Обычай, согласно которому все, кто состоит в родстве с покойным, должны навестить его семью, заставляет последнюю каждую пятницу устраивать малые поминки для приезжих.
Глава 4
Народное управление. Происхождение сословий и их права. Кровная месть. Плата за кровь и другие преступления. Гостеприимство
До подчинения осетин русскому правительству любое общественное дело решалось у них нихасом — советом, который сходился под навесом, устроенным обычно на одной из площадок аула, преимущественно в центре. Все без исключения жители имели право голоса на этом собрании, но старшие по возрасту пользовались преимуществом. Такой порядок долгое время сохранялся и при русском управлении.
Тяжбы, споры между семействами, дела о воровстве и убийстве и т. п. разбирались на этих собраниях. Они созывались через фидивагов, глашатаев или герольдов, без всяких церемоний по мере надобности. На не подчинившихся приговору суда налагался коди – штраф.
Народ использует оригинальный способ отыскания вора. Осетин, подозревающий, что вор находится в такой-то деревне, берет кошку или собаку и отправляется туда. Осетины вообще признают за этими животными особые свойства, считают их нечистыми, и по своей воле ни один осетин не убьет ни кошки, ни собаки. Остановившись посреди селения, потерпевший кричит во весь голос:
– Всякий, кому только известен вор, похитивший у меня вчера лошадь, да объявит мне его немедленно, чтобы он возместил мне убыток, иначе я имеющееся у меня нечистое животное повешу на кол посреди вашего селения в пищу всем вашим покойникам!
Такая угроза страшна для каждого осетина и почти всегда ведет к обнаружению похитителя.
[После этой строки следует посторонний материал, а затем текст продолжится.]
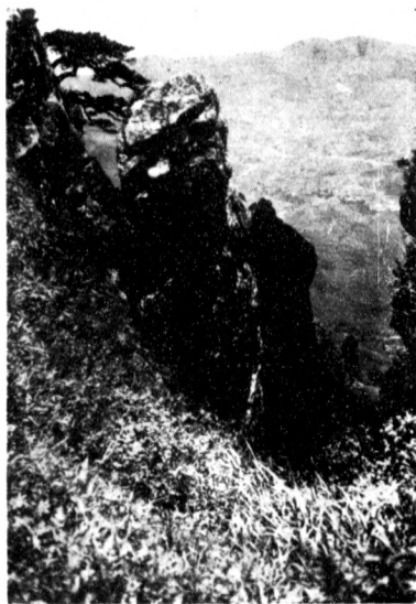
五 老 峯
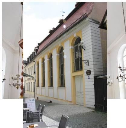
Synagoge Ansbach, innenansicht. Copyright Alexander Biernoth, Ansbach
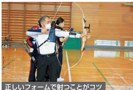
正しいフォームで射つことがコツ
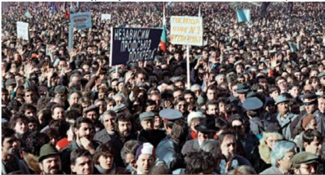
Първият свободен митинг - 18 ноември 1989 г.

Неолибералната пропаганда упорито внушава, че причината за нашите злини, неуредици и мизерии е националният ни характер, неумението ни да се справяме с трудностите, предателската ни робска същност, която ни кара доброволно да се оставяме други да ни поробват и да ни правят послушни слуги. Тази пропаганда умело прехвърля бедите от болната на здравата глава. Тези беди в никакъв случай не са заради националната душевност, а заради социалните злини на общественото устройство. Те разрушиха морала, отвориха вратите пред алчността, покварата, жаждата за богатства; те внушиха на необразованите, неуките, крадливите, жестоките, немилостивите, че е дошло тяхното време да ръководят държавата и определят правилата и нормите на нашето съществуване. Те изпълзяха като гнусни хлебарки и оттротровни змии от тъмните ъгълчета на времето ни и веднага се впуснаха в пъ-
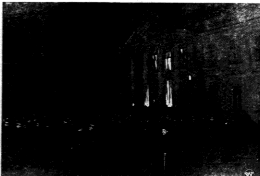
Złapcie nasze przedstawia moment belin, składanego przez korpus oficerski pod Belwedera.
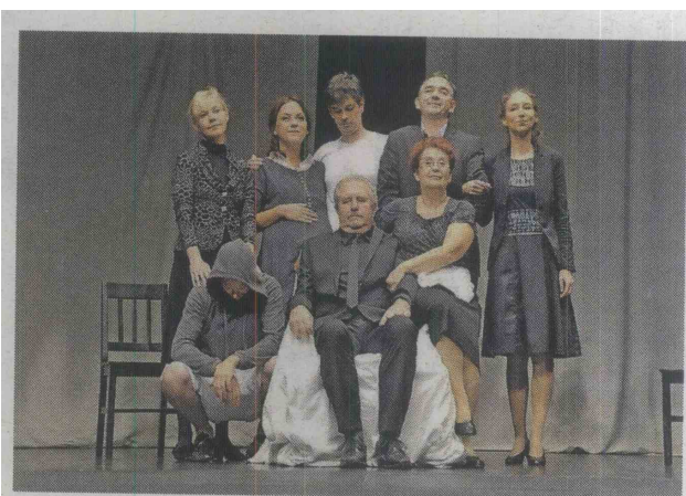
Na Loškem odru igra najboljša ljubiteljska skupina v državi. Zmagovalni ansambel predstave Igre je konec.

Po več letih brez komedije so se na Loškem odru letos ponovno odločili za ta med gledalstvom zelo ljub gledališki žanr. Angažirali so mladega režiserja Milana Goloba, sicer novince na Loškem odru, izbrali pa so znano Feydeaujevo komedijo Maček v žaklju. Zgodba pripoveduje o premožnem pariškem malomeščanu, ki se odloči, da njegovi pomembnosti manjka le še premiera njegove opere – Faust (ki jo je sicer napisala njegova hčerka). Velik ljubitelj opere svojega prijatelja prosi, naj zanj angažira znamenitega tenorista iz Bordeauxa, a namesto tega v bogatašvo družino vstopi prijatelj lev sin, ki je prišel v Pariz študirat pravo. Pogodba s »slavnim tenoristom« povzroči številne nesporazume in komične pretrese ... Fant brez poslušanja na avdiciji v operi neslavno propade, a kaj ko ženski del bogataške združbe slednjega želi obdržati v svoji bližini. Saj je mlad in vražje simpatičen, pa tudi dvoriti zna. A kaj, ko ne ve natančno, kateri. Igralci so se od prvega do zadnjega v svojih vlogah odlično znašli, naj bo to izkušeni
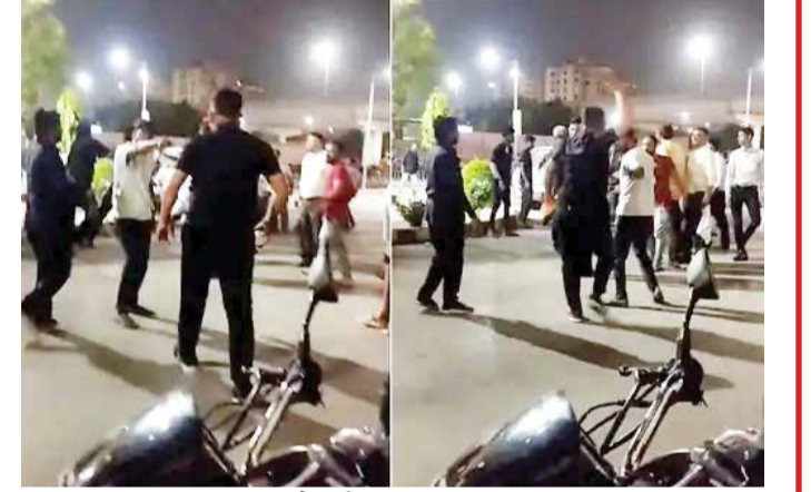
(એજન્સી) અમદાવાદ | તા.24

અમદાવાદ શહેરમાં અનેક સ્થળ પર સિક્કોરિટી ગાર્ડ અને સામાન્ય જનતા વચ્ચે ઝડપી ઘટના બનતી હોય છે. આવી જ ઘટના અમદાવાદની સોલા સિવિલ હોસ્પિટલમાં બની હતી. ગઈકાલે મોડી સાંજે સોલા સિવિલ હોસ્પિટલમાં દર્દીના સગાને અટકાવતા મારામારીની ઘટના બની હતી. જેનો વીડિયો સામે આવ્યો છે.
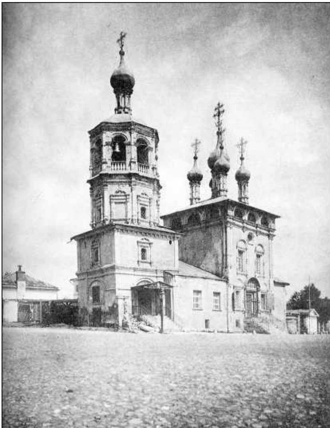
Храм Похвалы Пресвятой Богородицы, что в Баимачках, 1880-е гг.
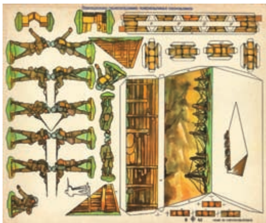
Československá armáda • 41,5 x 34,5 cm • 30. léta 20. století
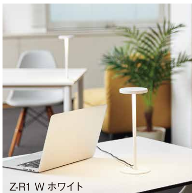
Z-R1 W ホワイト
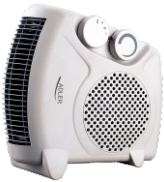
Diet Kitech Scale AD 3133
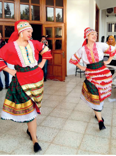
Etkinlik danslarla renklendi

farklı lezzetleri tadan bölüm öğrencileri ve öğretim üyeleri, farklı kültürlerden derlenen şarkılarla keyifli saatler geçirdiler. 20'den fazla farklı ülkeden gelen İngiliz Dili Eğitimi Bölümü öğrencileri, hem Kıbrıs müzik ve danslarıyla, hem de kendi kültürlerine ait müzik ve danslarla yeni yıla ilk merhabalarını demiş oldular.
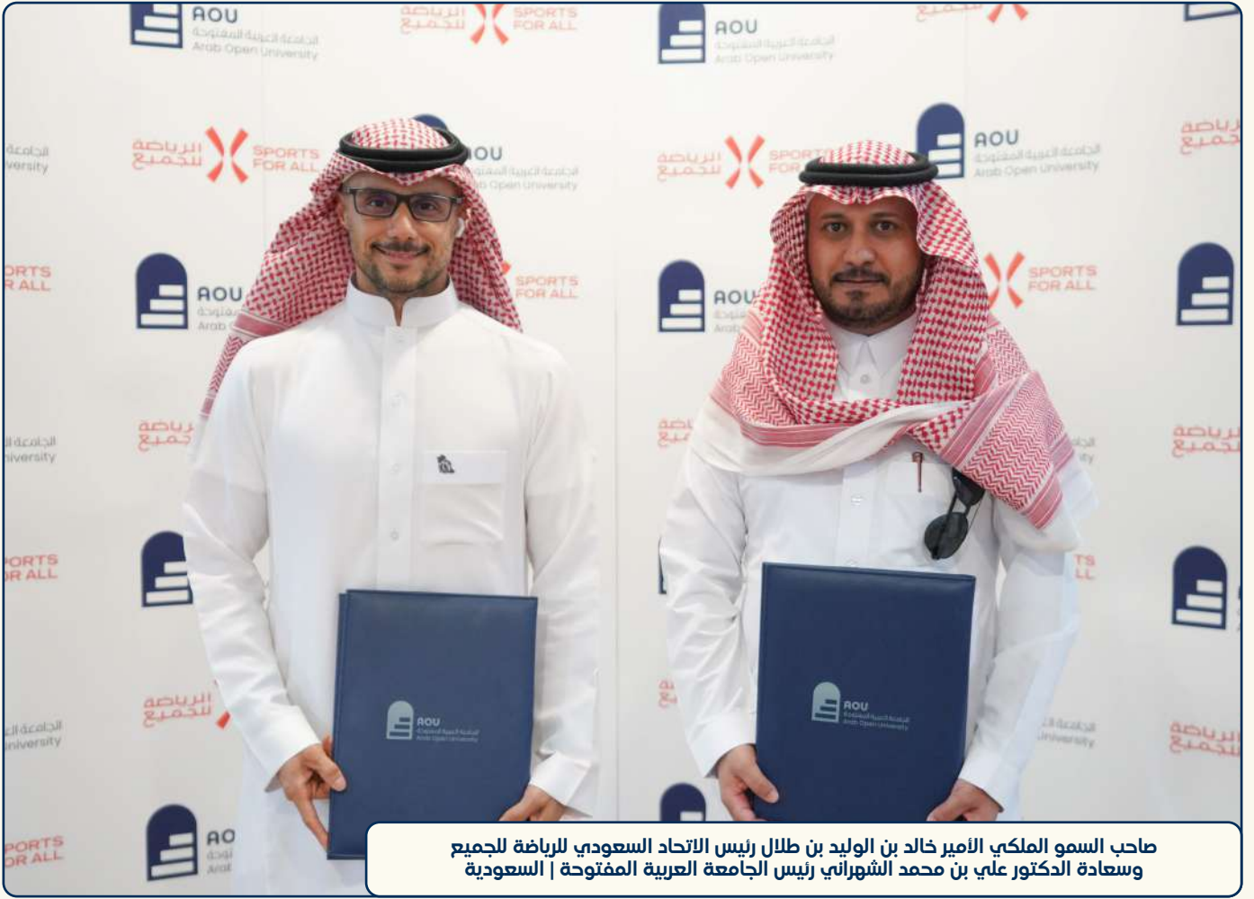
صاحب السمو الملكي الأمير خالد بن الوليد بن طلال رئيس الاتحاد السعودي للرياضة للجميع وسعادة الدكتور علي بن محمد الشهراني رئيس الجامعة العربية المفتوحة | السعودية
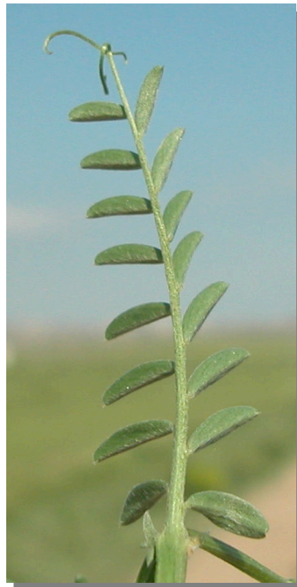
V. tetrasperma . Detalle de la hoja: envés
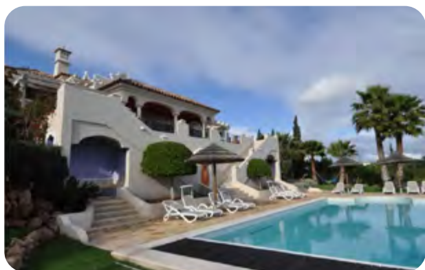
✘ Sans soleil

Ouvrez les rideaux pour laisser entrer la lumière. Même par temps nuageux, la lumière extérieure peut être utile.
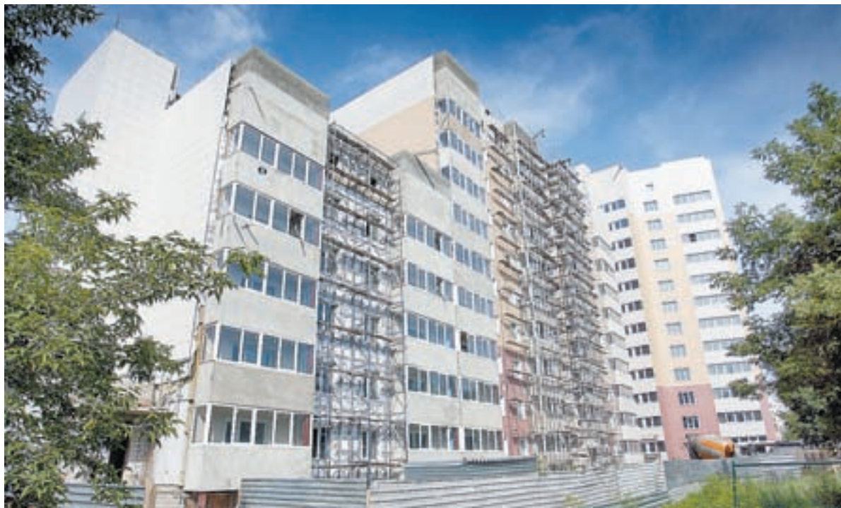
В доме сдано 5 из 8 блок-секций.

Жильцов дома на улице А. Петрова, 254 в Барнауле можно разделить на две группы. Счастливицки, которые живут в давно сданных квартирах, и тех, кто своей очереди еще ждет. Последние высказывают опасения, что квартиры, приобретенные в строящемся доме на условиях долевого строительства, так и не будут сданы. В ситуации разбирались корреспонденты «АП».
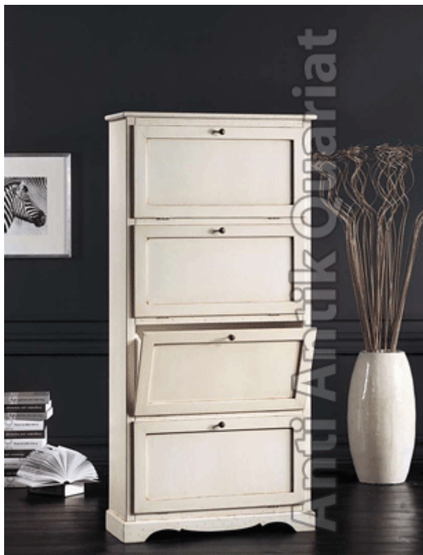
CV1-054-281 omarica za čevlje, 4p, 79x30x170

Довольно часто случается, что там, где предполагает обиженный, вора нет, и тогда жители селения, где произнесено заклинание, всем миром возмещают ущерб потерпевшему, лишь бы избавить на том свете своих родственников от нечистой и омерзительной пищи. Удовлетворив истца, общество уже само принимается за розыски вора[178].
Вор, не пойманный на месте преступления, считается удальцом, которому завидуют и подражают. Самый жестокий упрек, какой женщина только может сделать мужчине, это если она скажет, что он и барана украсть не умеет.
При разборе дел у начальства осетины присягают по христианскому обряду, но когда дела решают судом посредников, употребляют более эффективную присягу. Присягающего приводят в назначенное место, куда приносят кошку или собаку, которую, связав, кладут в вырытую для того яму. Присягающий берет ружье.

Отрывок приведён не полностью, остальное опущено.